This vignette serves as an example on data wrangling & visualization with
opensensmapr,dplyrandggplot2.
# required packages:
library(opensensmapr) # data download
library(dplyr)        # data wrangling
library(ggplot2)      # plotting
library(lubridate)    # date arithmetic
library(zoo)          # rollmean()openSenseMap.org has grown quite a bit in the last years; it would be interesting to see how we got to the current 11448 sensor stations, split up by various attributes of the boxes.
While opensensmapr provides extensive methods of
filtering boxes by attributes on the server, we do the filtering within
R to save time and gain flexibility. So the first step is to retrieve
all the boxes:
# if you want to see results for a specific subset of boxes,
# just specify a filter such as grouptag='ifgi' here
# boxes = osem_boxes(cache = '.')
boxes = readRDS('boxes_precomputed.rds')  # read precomputed file to save resources By looking at the createdAt attribute of each box we
know the exact time a box was registered. With this approach we have no
information about boxes that were deleted in the meantime, but that’s
okay for now.
exposure_counts = boxes %>%
  group_by(exposure) %>%
  mutate(count = row_number(createdAt))
exposure_colors = c(indoor = 'red', outdoor = 'lightgreen', mobile = 'blue', unknown = 'darkgrey')

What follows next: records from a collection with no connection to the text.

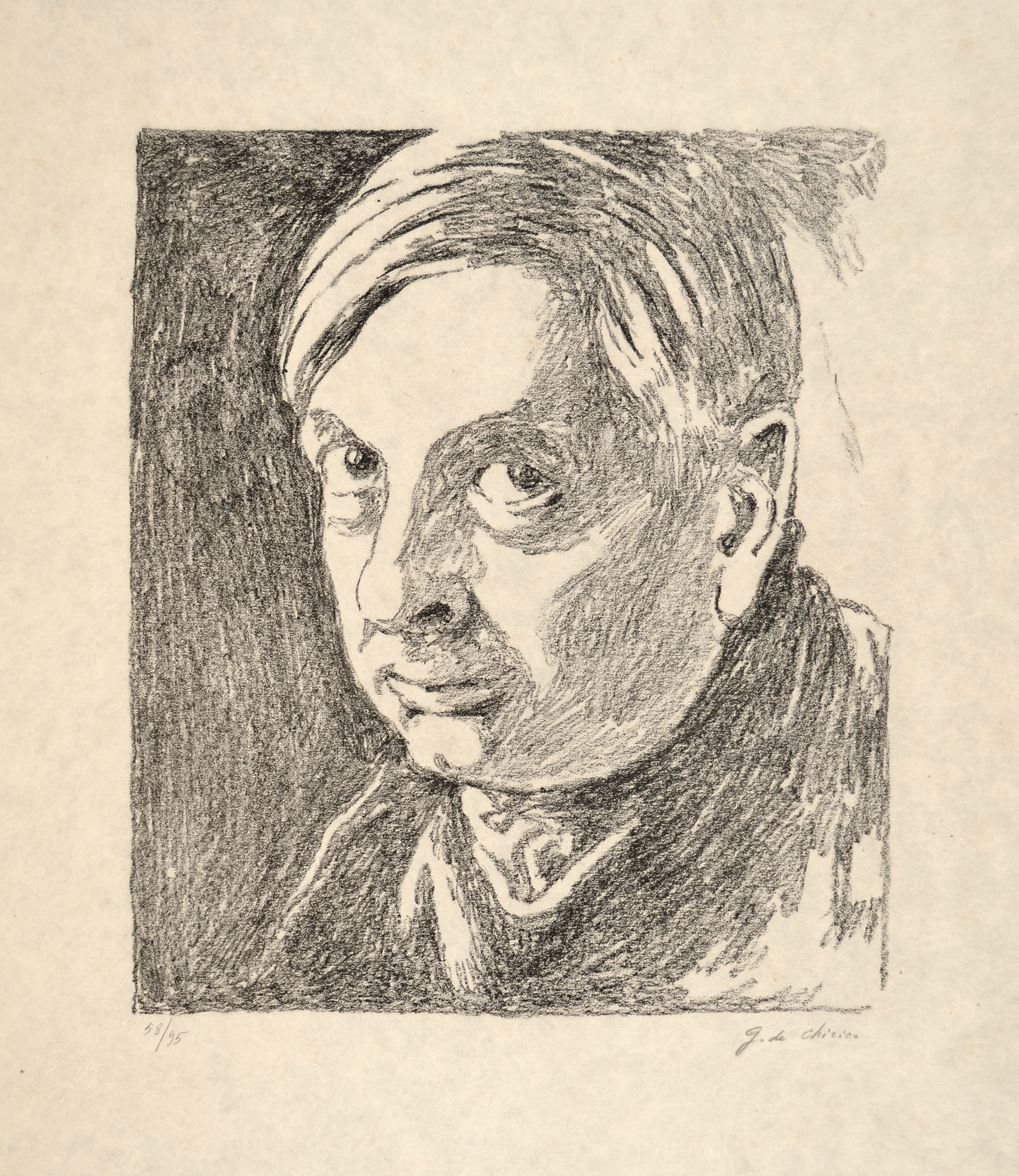 Giorgio de Chirico was born in Greece, to Italian parents. He received his first drawing lessons at the Polytechnic Institute in Athens in 1900. In 1906, the family moved to Munich, where de Chirico attended the Academy of Fine Arts, becoming acquainted with the magic realism of Swiss-German painter Arnold Böcklin and the writings of Friedrich Nietzsche. At various important junctures in his career de Chirico lived in Paris (1911–15, 1925–32), as well as in the United States (1936–38), but he spent most of his life in Italy. In Ferrara in 1917 he met the artist Carlo Carrà, with whom he developed the concept of Pittura Metafisica and began producing dreamlike images of deserted cities and still scenes with mysterious mannequins made from combinations of objects. These pictures of a restless dream world evoke the heightened perception of the subconscious and are the direct antecedents of the Surrealism of the 1920s. In 1926, however de Chirico changed to a more classical style with traditional subject matter. It was not until 1955-1960 that he openly went back to creating art with Metaphysical subject matter.
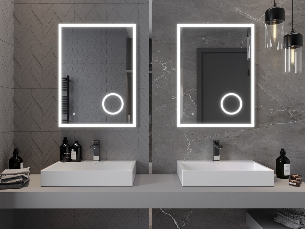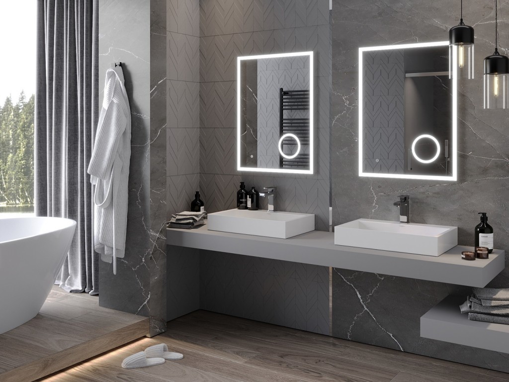 Moderné obdĺžnikové zrkadlo kolekcie KALA je vybavené LED podsvietením, ktoré sa ľahko ovláda pomocou dotykového tlačidla priamo na ploche zrkadla . Zrkadlo je vybavené vyhrievacou podložkou ANTI-CAR , ktorá eliminuje zahmlenie skla.
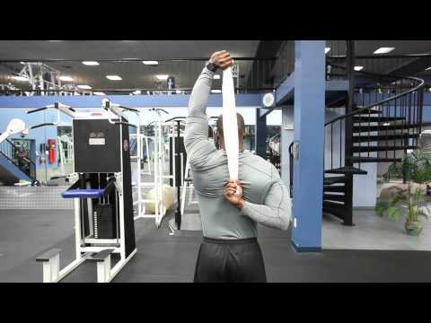 The back shoulder stretch is the basic stretching motion for the shoulder muscles. They may be performed either with a towel or rope to bridge the gap between the two hands. If the user is flexible, he may perform the stretch without a towel or rope, simply by putting his hands together and pulling. The user should be careful not to stretch too far or stretch too hard. This can do more harm than good. Stretching is important and should be incorporated in all exercise routines. Stretching can help limit injury to the ligaments and muscles. By stretching the muscle before working out, you can actually lift more weight.
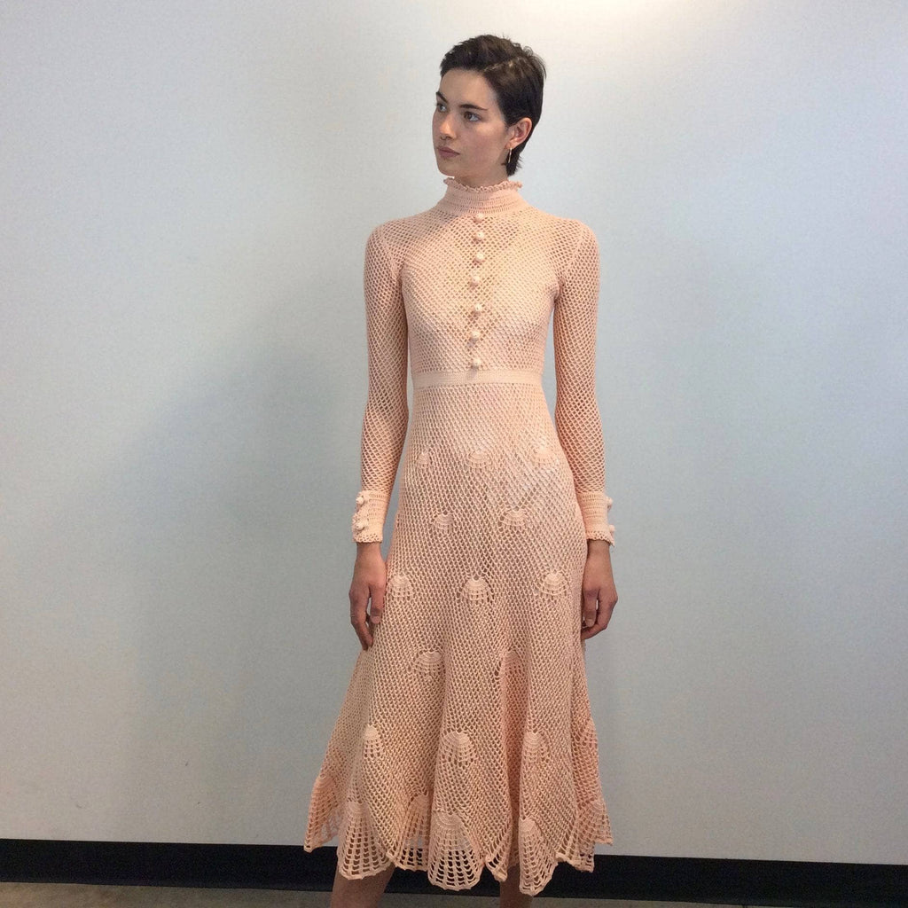 1970s Long Sleeves Crochet Dress Xs M G O S S A M E R

ggplot(exposure_counts, aes(x = createdAt, y = count, colour = exposure)) +
  geom_line() +
  scale_colour_manual(values = exposure_colors) +
  xlab('Registration Date') + ylab('senseBox count')Outdoor boxes are growing fast! We can also see the
introduction of mobile sensor “stations” in 2017. While
mobile boxes are still few, we can expect a quick rise in 2018 once the
new senseBox MCU with GPS support is released.

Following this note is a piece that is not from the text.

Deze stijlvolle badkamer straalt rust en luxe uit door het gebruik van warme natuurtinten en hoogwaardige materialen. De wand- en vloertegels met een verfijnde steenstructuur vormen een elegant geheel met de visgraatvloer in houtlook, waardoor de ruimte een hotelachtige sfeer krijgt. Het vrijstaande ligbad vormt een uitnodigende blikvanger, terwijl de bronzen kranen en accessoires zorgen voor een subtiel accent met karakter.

Let’s have a quick summary:
exposure_counts %>%
  summarise(
    oldest = min(createdAt),
    newest = max(createdAt),
    count = max(count)
  ) %>%
  arrange(desc(count))| exposure | oldest | newest | count | 
|---|---|---|---|
| outdoor | 2016-08-09 19:34:42 | 2023-02-28 09:47:17 | 8417 | 
| indoor | 2018-05-10 20:14:44 | 2023-02-27 09:53:33 | 2364 | 
| mobile | 2020-10-24 14:39:30 | 2023-02-20 16:32:48 | 590 | 
| unknown | 2022-03-01 07:04:31 | 2022-03-30 11:25:43 | 19 | 
We can try to find out where the increases in growth came from, by analysing the box count by grouptag.
Caveats: Only a small subset of boxes has a grouptag, and we should
assume that these groups are actually bigger. Also, we can see that
grouptag naming is inconsistent (Luftdaten,
luftdaten.info, …)
grouptag_counts = boxes %>%
  group_by(grouptag) %>%
  # only include grouptags with 8 or more members
  filter(length(grouptag) >= 8 & !is.na(grouptag)) %>%
  mutate(count = row_number(createdAt))
# helper for sorting the grouptags by boxcount
sortLvls = function(oldFactor, ascending = TRUE) {
  lvls = table(oldFactor) %>% sort(., decreasing = !ascending) %>% names()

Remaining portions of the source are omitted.